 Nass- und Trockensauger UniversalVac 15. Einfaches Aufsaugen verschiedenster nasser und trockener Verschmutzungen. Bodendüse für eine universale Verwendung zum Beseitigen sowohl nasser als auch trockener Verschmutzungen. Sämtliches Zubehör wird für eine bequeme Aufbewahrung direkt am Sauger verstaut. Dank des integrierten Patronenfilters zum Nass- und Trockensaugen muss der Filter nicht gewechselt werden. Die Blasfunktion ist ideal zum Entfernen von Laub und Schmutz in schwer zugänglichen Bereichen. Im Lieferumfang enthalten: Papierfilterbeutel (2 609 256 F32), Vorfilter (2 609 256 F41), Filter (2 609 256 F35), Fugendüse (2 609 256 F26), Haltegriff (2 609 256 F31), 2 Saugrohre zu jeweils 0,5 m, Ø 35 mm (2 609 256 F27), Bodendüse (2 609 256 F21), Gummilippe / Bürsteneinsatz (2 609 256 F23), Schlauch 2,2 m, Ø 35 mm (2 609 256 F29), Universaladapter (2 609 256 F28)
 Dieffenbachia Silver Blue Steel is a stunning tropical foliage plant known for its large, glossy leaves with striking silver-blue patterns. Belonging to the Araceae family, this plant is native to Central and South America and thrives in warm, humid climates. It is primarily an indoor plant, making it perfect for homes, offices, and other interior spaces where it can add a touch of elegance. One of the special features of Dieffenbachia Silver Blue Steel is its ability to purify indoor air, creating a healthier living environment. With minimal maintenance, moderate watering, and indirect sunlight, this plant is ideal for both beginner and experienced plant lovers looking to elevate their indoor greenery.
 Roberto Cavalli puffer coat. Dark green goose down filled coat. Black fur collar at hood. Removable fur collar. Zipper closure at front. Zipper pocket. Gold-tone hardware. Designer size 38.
※ ※ ※
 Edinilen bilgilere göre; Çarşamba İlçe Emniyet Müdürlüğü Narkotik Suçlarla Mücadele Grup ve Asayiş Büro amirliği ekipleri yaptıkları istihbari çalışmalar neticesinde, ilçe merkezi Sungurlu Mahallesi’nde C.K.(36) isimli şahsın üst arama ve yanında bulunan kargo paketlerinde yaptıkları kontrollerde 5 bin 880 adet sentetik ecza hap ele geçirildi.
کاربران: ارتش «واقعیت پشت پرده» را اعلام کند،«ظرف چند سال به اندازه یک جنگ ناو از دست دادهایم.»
※ ※ ※
Work order:
All that should be written out is the stretch of lines above between the one holding "Edinilen bilgilere göre;" and the one holding "سال به اندازه", inclusive, exactly as given.

Solution to this task:
 Edinilen bilgilere göre; Çarşamba İlçe Emniyet Müdürlüğü Narkotik Suçlarla Mücadele Grup ve Asayiş Büro amirliği ekipleri yaptıkları istihbari çalışmalar neticesinde, ilçe merkezi Sungurlu Mahallesi’nde C.K.(36) isimli şahsın üst arama ve yanında bulunan kargo paketlerinde yaptıkları kontrollerde 5 bin 880 adet sentetik ecza hap ele geçirildi.
کاربران: ارتش «واقعیت پشت پرده» را اعلام کند،«ظرف چند سال به اندازه یک جنگ ناو از دست دادهایم.»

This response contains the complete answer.